The primary reason for mushy asparagus is over cooking. When oven roasting asparagus, you’ll want to cook it just until it is fork-tender, and the tips are nice and crispy.
Different Ways to Add Flavor to Oven Baked Asparagus
The best things about of this great side dish is you can add any number of simple ingredients and it gives even more incredible flavor to asparagus:
- Red Pepper Flakes: Before placing the asparagus in the oven, sprinkle with a few red pepper flakes. Easy does it though; a little goes a long way.
- Italian style: After drizzling with olive oil, add couple tablespoons of dried Italian herbs and a little garlic powder. Then top with a generous amount of grated parmesan cheese.

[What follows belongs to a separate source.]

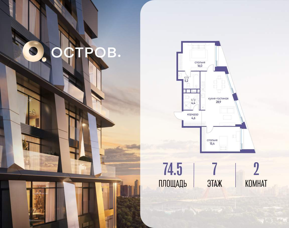 Продаётся 2-комн. квартира от застройщика: общая площадь 74.50 м, жилая 31.40 м, кухня 28.90 м, 7-й этаж, жилой квартал «Остров 12», корпус 1 (секция 2) . Срок сдачи: 1 квартал 2029 года.

- Lemon butter: Once you have removed the asparagus from the oven, drizzle them with melted butter that you have mixed with a fresh squeeze of lemon juice about a little lemon zest.
- Lemon Asparagus Quinoa – Adding this roasted asparagus to this dish will deepen the flavors and provide some extra healthy complex carbs to your meal.
Want More Healthy Vegetable Recipes?
- Crispy Kale Chips
- Brussels Sprouts with Balsamic Glaze
- Easy Avocado Boats
- Buffalo Cauliflower Bites
- Vegetarian Spicy Black Bean Wraps
Oven Roasted Asparagus
- baking sheet
- 1 lb Fresh Asparagus trimmed
- 2 T Extra Virgin Olive Oil
- sea salt and pepper to taste
- Place the top oven rack in the center position and pre-heat oven to 425°F. Line a large, rimmed baking sheet with parchment paper or a Silpat® baking mat.
- Spread the trimmed asparagus onto the prepared baking sheet and drizzle with the olive oil. Season with salt and black pepper, to taste, and gently toss to combine. When asparagus is evenly coated, spread into a single layer without overcrowding.
- Place sheet pan into the preheated oven and roast for 8-10 minutes, or until crisp tender. Turn the asparagus once while roasting. (Actual cooking time will depend on the thickness of the asparagus and desired consistency. Check after 6 minutes and adjust cook time accordingly.)
- Remove from oven and serve immediately.